Nevertheless, defendants have not asserted that any one of the
thousands of underwriters in the thirty-six Lloyd's syndicates
is potentially liable for more than $50,000. From the information
presented to date, I conclude that this Court lacks subject
matter jurisdiction over this case as it now stands.
C. Defendants' Proposed Devices to Create Subject Matter
The party seeking to invoke jurisdiction under § 1332 bears the
burden of proving complete diversity and the jurisdictional
amount in controversy. See James Wm. Moore, 15 Moore's Federal
Practice (M. Bender 1999) §§ 102.14, 102.107. Defendant
Reinsurers argue that the Court should attempt to salvage
jurisdiction over this case in the interests of judicial
finality, efficiency and economy. At the very least, defendants
recommend that this Court retain jurisdiction over the London
Market Companies which are diverse (with one exception) and meet
the requisite amount in controversy. Defendants make three
distinct proposals, all of which would result in diversity of
citizenship between plaintiff and defendants. Plaintiff
vehemently objects to all three proposals. Rule 82 of the Federal
Rules of Civil Procedure cautions that the rules of procedure
"shall not be construed to extend or limit the jurisdiction of
the United States district courts." Defendants' proposals appear
to extend, if not contort, the jurisdictional guidelines laid
down by the Supreme Court and the Court of Appeals. Accordingly,
creating diversity jurisdiction in this action would not provide
any advantage in terms of finality or efficiency either to the
parties or to the Court.
Policy considerations militate against a finding of diversity
jurisdiction. Our Court of Appeals has reminded us that
"jurisdiction is not a game." Squibb I, 160 F.3d at 929. As the
Supreme Court has made abundantly clear, "it is one of the
fundamental tenets of our Constitution that only some cases may
be brought in federal court." Id. (citing Healy v. Ratta,
292 U.S. 263, 270, 54 S.Ct. 700 (1934) ("Due regard for the rightful
independence of state governments, which should actuate federal
courts, requires that [federal courts] scrupulously confine their
own jurisdiction to the precise limits which the [diversity]

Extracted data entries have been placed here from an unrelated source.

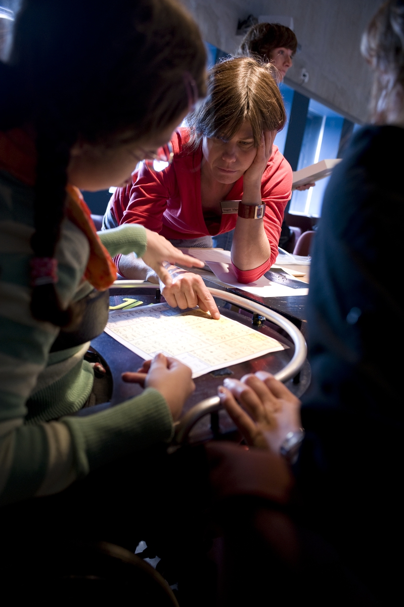 Referensgruppen i projektet Alla Ombord testar utrustning 27 sept 2008. Inger Elgestedt går igenom bliss symboler med Julia Snees
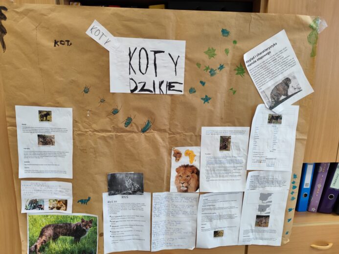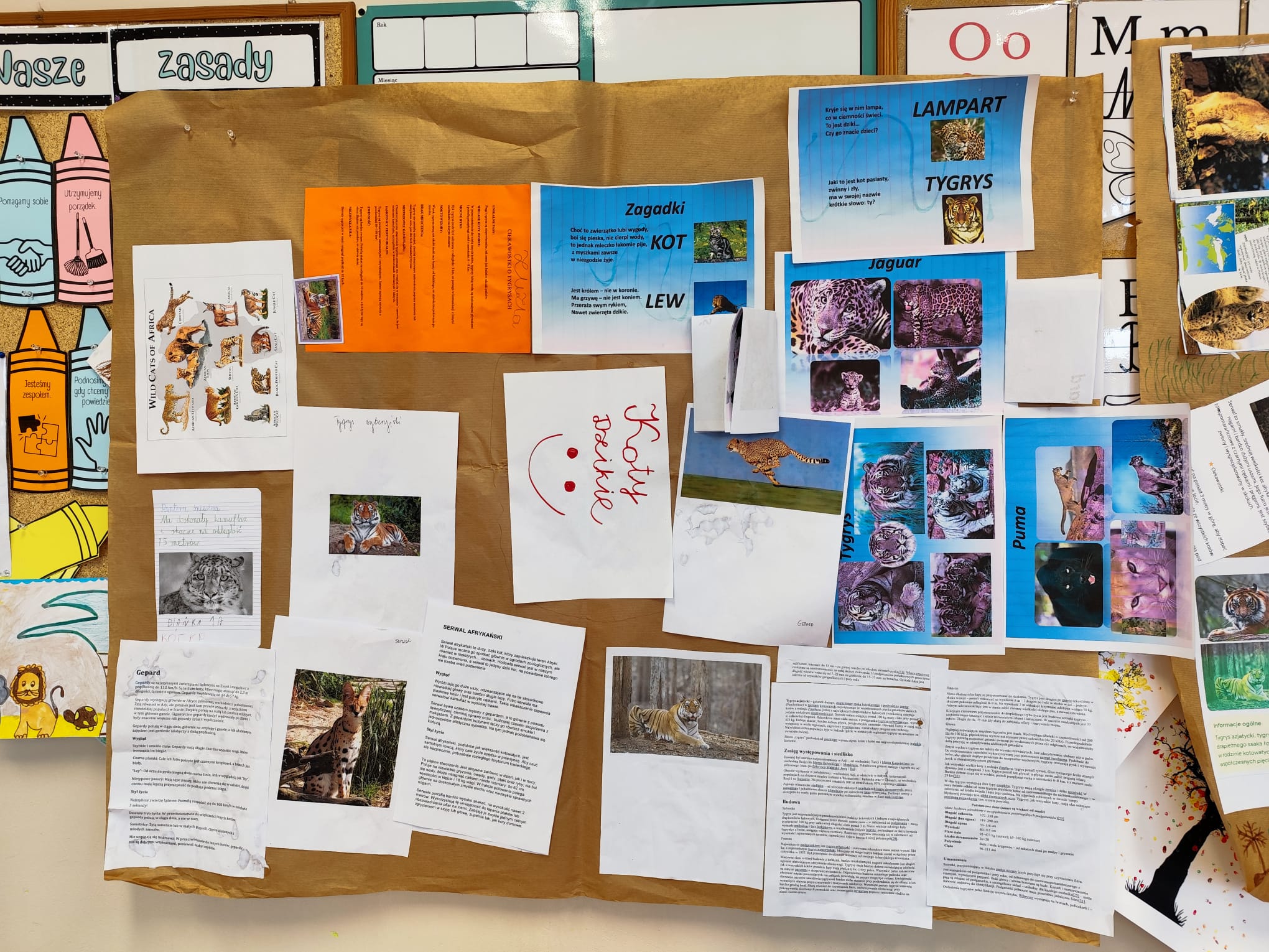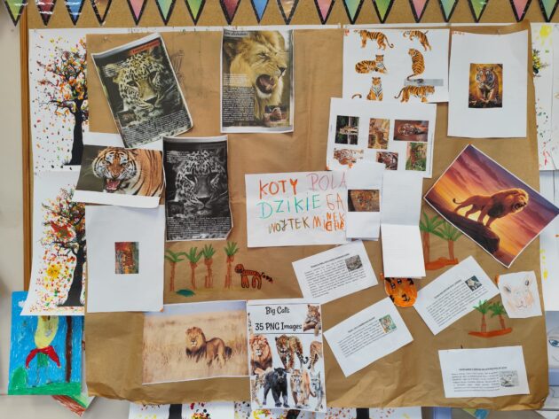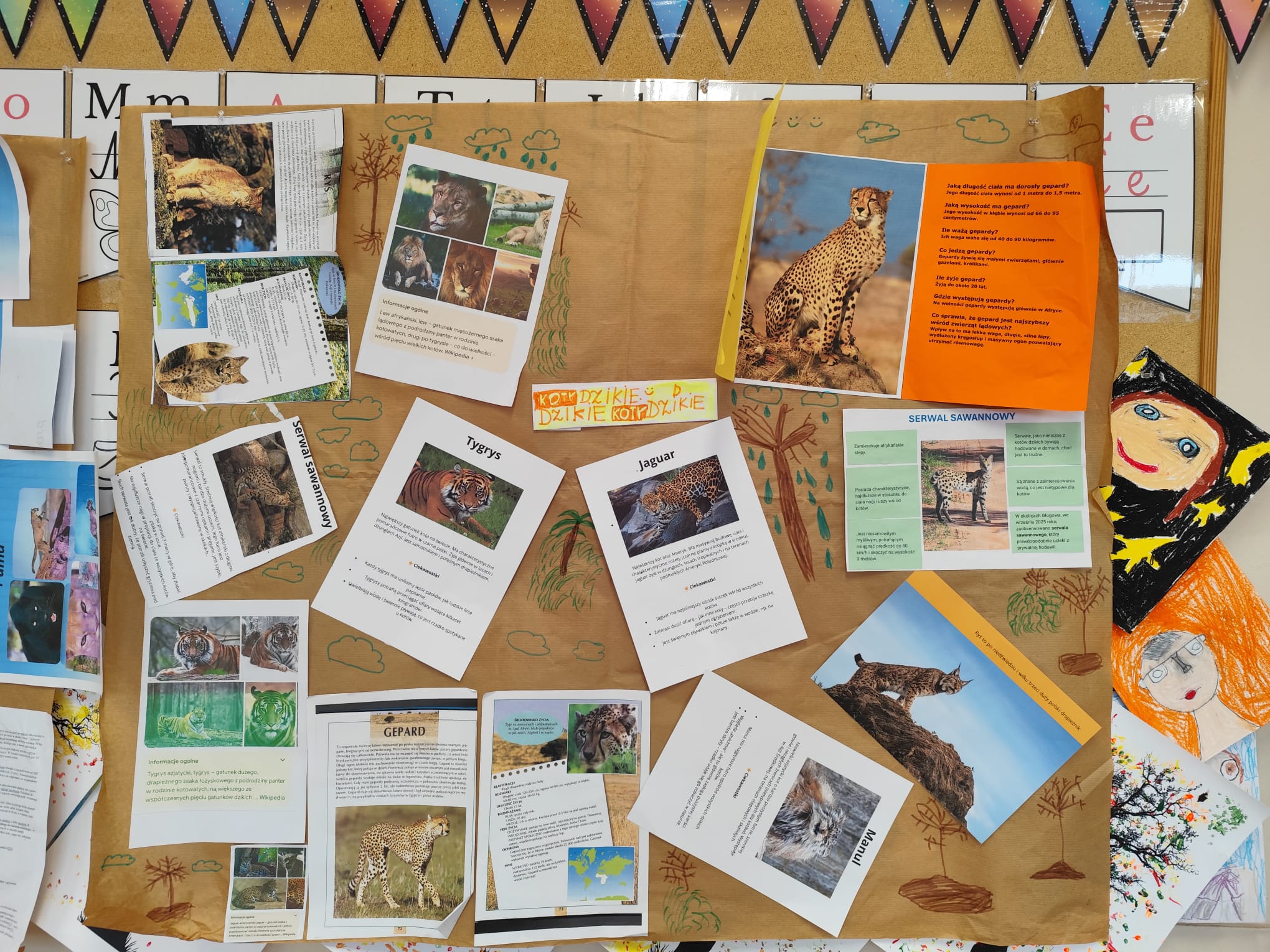 W dniu 25 listopada 2025 r. w czasie zajęć edukacji wczesnoszkolnej uczniowie klasy 1a pracowali metodą projektową nad tematem “Dzikie koty”. Zgromadzili mnóstwo interesujących informacji  z  książek oraz Internetu, które wykorzystały do wykonania zadania i przyklejania  na dużych arkuszach papieru. Najciekawsza była prezentacja każdego zespołu, która z każdym nowym zdaniem  zaskakiwała ciekawostkami.  Sami uczniowi zajęcia podsumowali słowami: “Było kreatywnie”, “Podobało mi się”, “Fajna zabawa”, “Pracowicie”. Efekty pracy na zdjęciach.
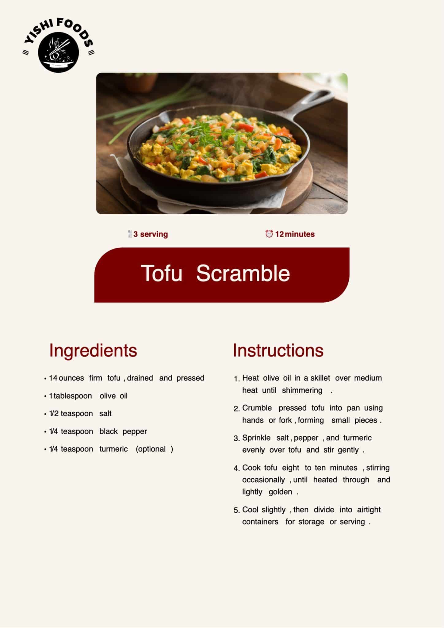 This protein-packed breakfast uses crumbled tofu and basic seasonings, cooks in under fifteen minutes, and stays fresh for five days in the fridge.
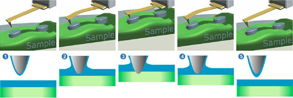Main stages of the measurement cycle in the HD mode for the idealized displacements of the probe are shown in Fig. 2. At large distances between the probe and the sample, deflection of the cantilever remains constant, being at the base level (point 1 of the deflection profile); with further approach, the cantilever bends downward under effects of capillary adhesive forces (point 2). On further approach, when the repulsive tip-sample forces dominate, the bending reverses upwards until it reaches the set-point level (point 3) chosen for lateral scanning feedback. This is the turnaround Z-position of the cycle. As the sample and the tip depart, the probe might experience strong adhesive interactions reflected by a well (point 4) in the deflection, before the probe fully detaches from the sample and the cantilever restores its baselinedeflection (point 5).

statute has defined.")). In addition, good judgment counsels
against making "law on jurisdiction that would be undesirable in
the mass of cases. . . . Nobody's interest would be served if . .
. by stretching the law [I] found jurisdiction to exist, only to
have that position ultimately rejected by [the Second Circuit or]
the High Court." Squibb I, 160 F.3d at 930. Dismissal for lack
of jurisdiction is more likely to ensure that the parties do not
bounce back and forth from the District Court to the Circuit
Court and back again on both procedural and substantive issues. I
do not dismiss this case casually, however, given the amount of
time and effort already expended by the Court and the parties. I
will therefore explain my reasons for rejecting each of
1. Option One: Dismissal, Realignment and Supplemental
Defendants suggest restructuring the action by dismissing
dispensable named underwriters, realigning Allendale as a
defendant and exercising supplemental jurisdiction over claims
which cannot meet the amount in controversy.